In accordance with one aspect of the present disclosure, the system 100 includes a fluid circulation system 120 that includes a surface drilling fluid or mud supply system 122, a supply line 124, and a fluid return line 126. The supply line 124 includes an annulus 135 formed between the drill string 115 and wellbore wall 107. During drilling, the surface mud supply system 122 supplies a drilling fluid or mud to the fluid supply line 124, the downward flow of the drilling fluid through the annulus 135 being represented by arrow 132. The mud system 122 includes mud 133 and a pit or supply source 134. In exemplary offshore configurations, the supply source 134 may be located at the platform, on a separate rig or vessel, at the seabed floor, or at another suitable location. In one embodiment, the supply source 134 is a variable-volume tank positioned at a seabed floor. While gravity may be used as the primary mechanism to induce flow of the drilling fluid 133 through annulus 135, one or more pumps 136 may be utilized to pump the drilling fluid 133 into the annulus 135. The drill bit 112 disintegrates the formation (rock) into cuttings (not shown), thereby forming the wellbore 101. In one embodiment, a drilling fluid 133a in the annulus 135 enters the drill bit 112 at or proximate to its bottom 112a and travels uphole through the return line 126 carrying the drill cuttings therewith. The fluid 133a and the cuttings 112c is referred to herein as the “return fluid” 133b. The return fluid 133b passes to a suitable storage tank at a seabed floor, a platform, a separate vessel, or to another suitable location. In one embodiment, the return fluid 133b discharges into a separator (not shown) that separates the cuttings and other solids from the return fluid 133b and discharges the clean fluid back into the mud supply source 134 at the surface or an offshore platform.

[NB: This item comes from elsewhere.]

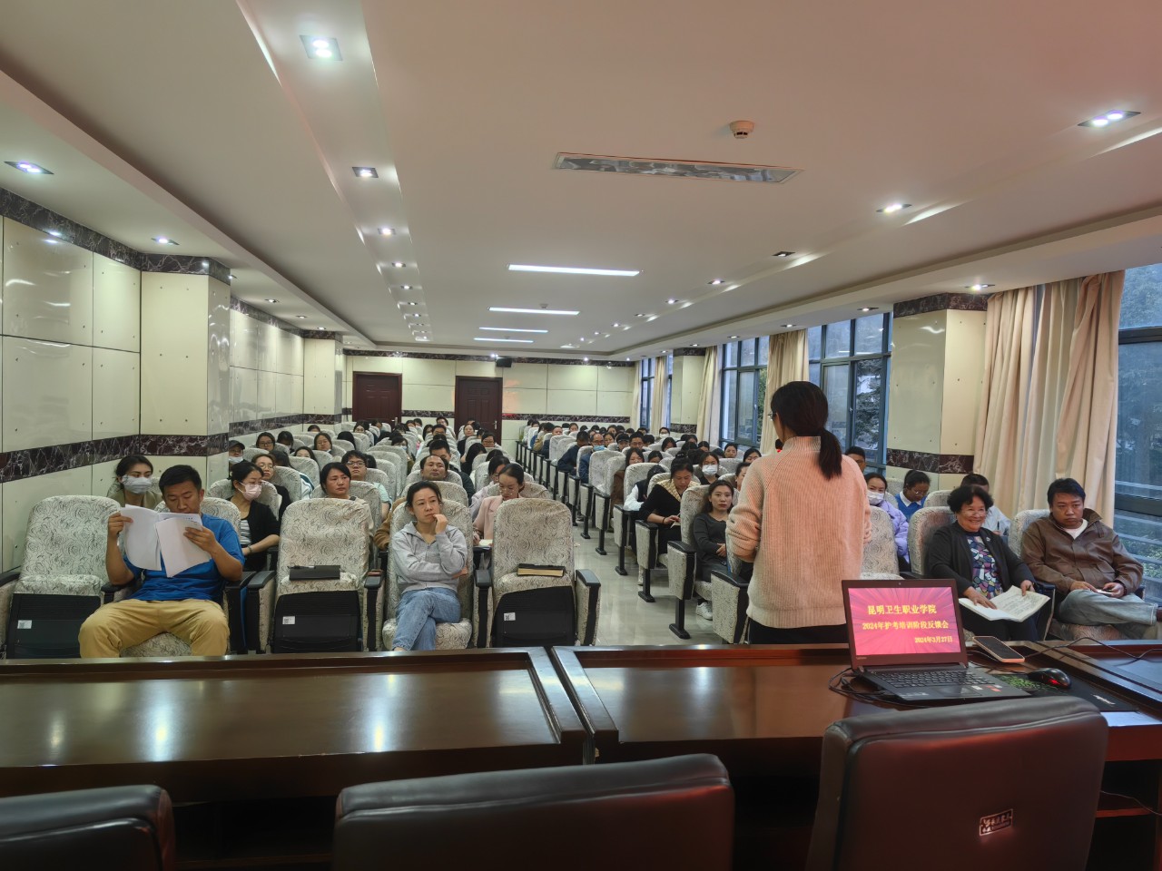 经过五个星期的努力奋战,2024年护考培训已经完成了第一部分护考精讲课程,为了让全体师生稳扎稳打,继续完成护考培训的复习串讲、试题精讲课程,3月27日19:30在KY开元行政楼四楼会议室召开2024年护考培训阶段反馈会。KY开元集团官网入口副院长李玉晶,教务处处长孟州令,继续教育学院院长王思权,大学生工作部部长郭佶颖,护理学院院长蒋淑昆、副院长周璇、学管副院长王宇超,护理专业全体教师及班主任参加本次会议。

In one embodiment of the present disclosure, the BHA 150 may include a fluid flow device 160 (such a device also is referred herein as a “flow device” or “fluid circulation device”) configured to cause the fluid 133b to flow through the return line 126. In embodiment, the fluid circulation device 160 may include more than one fluid circulation devices, for example one fluid circulation device 160a for circulating a first fluid or a first portion of the fluid 133 from the annulus 135 through a lower portion of the drilling assembly 150, as shown by dotted arrow 139a and another fluid circulation device 160b for circulating a second fluid or a second portion of the fluid 133 through the return line 126, such as shown by dotted 139b. An isolator 162 and other devices may be used to provide the fluid circulation paths 139a and 139b. Certain embodiments of the flow circulation devices are described in more detail in reference to FIGS. 2-5.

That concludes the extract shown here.